La Iglesia no permaneció inmune al consumo de
Oriente- siguió Aleister- necesitaba el incienso
embarcado en tierras árabes, el humo sacro en sus
rituales para garantizar la persistencia de su grey. Los
sentidos mandaban, el gobierno del cuerpo fue mucho
mayor de lo que nos han enseñado. El enfermo
necesitaba opio, tal vez alcanfor para calmar el dolor
tenaz hasta abandonar esta tierra. La esencia oriental
se encaramó en los paladares, en las pieles, en el tacto
y en la fantasía de los europeos. Tal y tan costosa fue
su demanda que se cambiaban haciendas por un saco
de pimienta; hubo príncipes que cobraban tributos en
pimienta; se satisfacía una dote con pimienta. La
distancia entre Oriente y Occidente era descomunal y
llena de terrores posibles, era menester cruzar hasta
tres mares habitados por tifones y corsarios. Tantas
manos intermediarias encarecían cada grano, cada flor,
desde su tierra natal hasta la botica europea. Desde el
esclavo malayo que las recogía hasta el tendero que las
vendería a sus clientes; pasarán por Singapur, por
costas índicas, cruzarán Arabia, llegarán al Cairo sobre
el lomo de camellos en caravanas y caravanas. Allí los
esperaba la poderosa flota de Venecia y sus
mercaderes que distribuirán la mercancía por toda
Europa.Tributos y más tributos han pagado en cada
paso y en cada parada a la codicia de los sultanes, de
los emires, cuando no al peligro de los beduinos y su
avidez nómade. El cuerpo manda. El cuerpo necesita. Y
luego, como es lógico, surge la enemistad obligada que
asalta a los genoveses, a los franceses, llenos de
envidia hacia los más listos venecianos, que habitaban
sus palazzos descomunales con el oro especiero. La
palabra ghetto nace en las orillas del Gran Canal para
alimentar el odio de los que no detentan el negocio, el
odio y la rivalidad con tanto judío italiano. Las Cruzadas
fueron el primer intento de coalición cristiana europea,
que con el pretexto de recuperar el Santo Sepulcro de
manos de los infieles, intentó derribar la frontera
mahometana que campeaba en Egipto y el Mar Rojo.
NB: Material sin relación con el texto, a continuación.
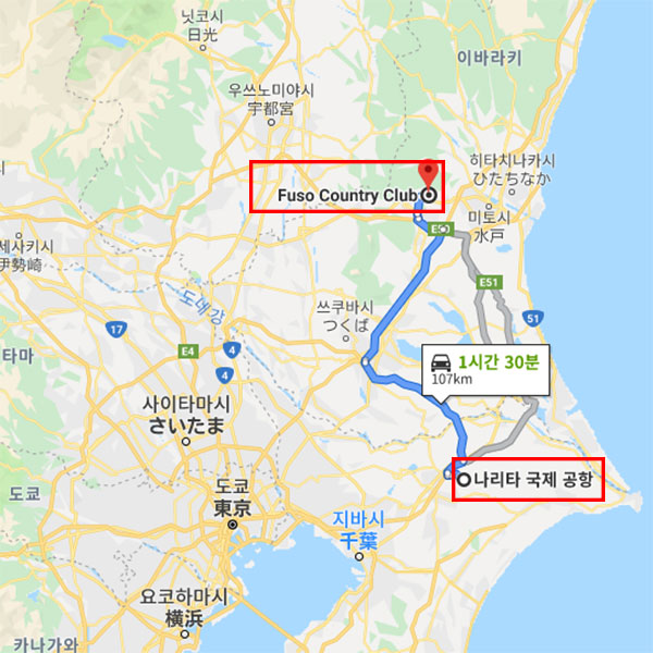 공항 기준나리타 국제공항에서 차로 약 1시간 30분 소요 |
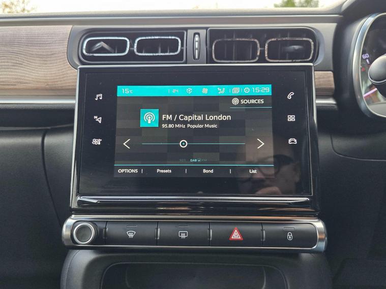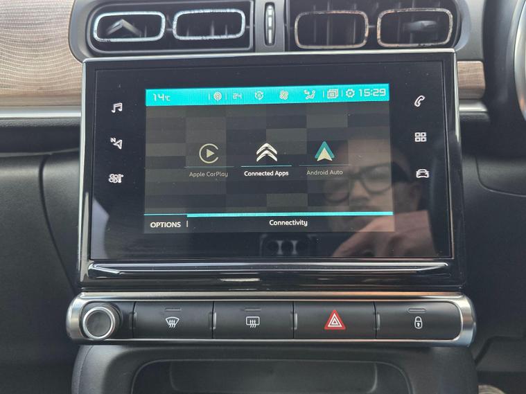 This 2022 Citroen C3 Shine Plus presents an exceptional opportunity with its remarkably low mileage of just 16, 182 miles. This Euro 6 compliant 1.2L petrol model boasts a full service history, with its last service completed on 14 April 2025 at 14, 831 miles. The vehicle has a clear history check and benefits from an MOT valid until October 2026, alongside a 6 month warranty for your peace of mind.The Shine Plus trim level comes equipped with a host of desirable features designed to enhance your driving experience. These include rear parking sensors for effortless manoeuvring, a Visibility Pack with automatic headlights, and a Technology Pack offering seamless integration with Android Auto and Apple CarPlay via Bluetooth. The Citroen Connect Nav system further complements this, providing navigation and connectivity. Enjoy a comfortable cabin with automatic air conditioning and climate control. This C3 also stands out with its impressive fuel economy of 54 mpg and a low insurance group, indicating it is a more economical choice compared to similar vehicles..
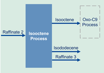 The SYNCRATM IOC process starts with the purification of the raffinate streams. The purified feed is then dimerized yielding a mixture of isooctene isomers, alongside minor quantities of isododecene and heavier olefins. Following dimerization, the product stream undergoes distillation to separate the desired C8 olefins from lighter and heavier fractions. The resulting isooctene achieves an exceptional purity and is highly reactive.
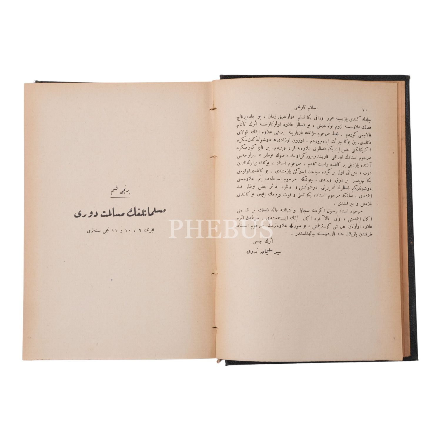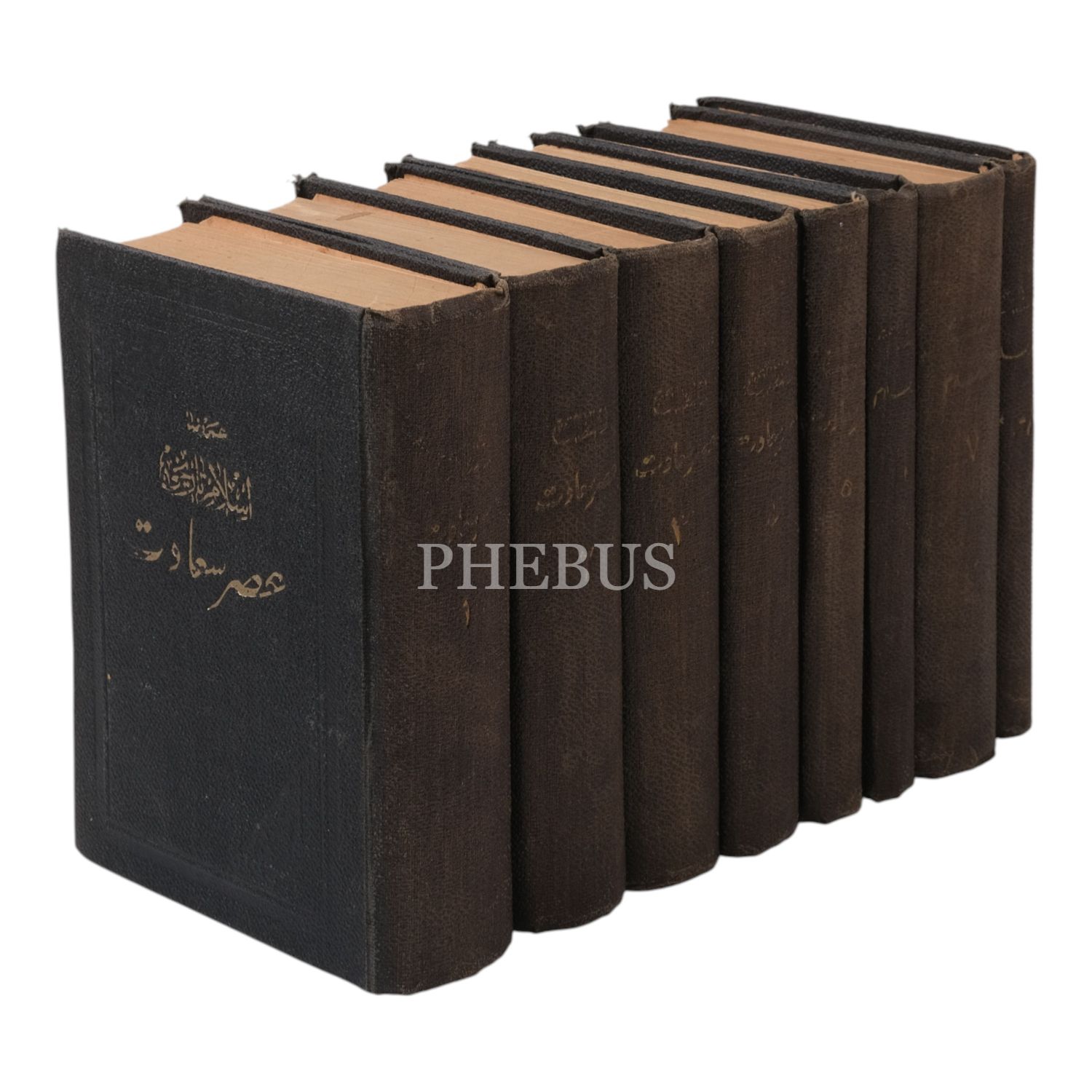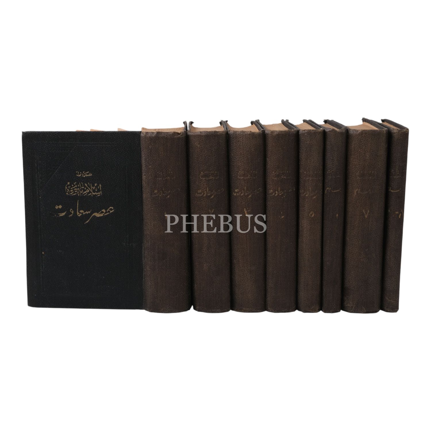 İSLAM TARİHİ, 9 cilt, Mevlânâ Şiblî, çeviren: Ömer Rıza, 1921, Âmedî Matbaası, 1958+287+272+528+64+125 sayfa, 14x20 cm...

Había que satisfacer el continente de los sentidos, pero
se volvió imperioso encontrar caminos que abarataran
los costos. Por eso Colón, Vasco de Gama y muchos
otros buscaron una ruta marítima libre, fuera del alcance
de los musulmanes. Había que adornar esos pubis
angelicales, perfumar el deseo, condimentar las jarras
de vino, pero sin pago de derechos. Colmar la
voluptuosidad de los sentidos ensanchó el globo
terráqueo; dibujó mapas nuevos, insospechados unos
años antes. La Edad Media fue un monumento al
hedonismo cubierto por capas de ropaje rústico en un
altar erótico. La ausencia en el cuerpo, motorizó a la
humanidad. Una carencia puede sumar mundos nuevos
hasta confines que nadie imaginó. Dijo Crowley.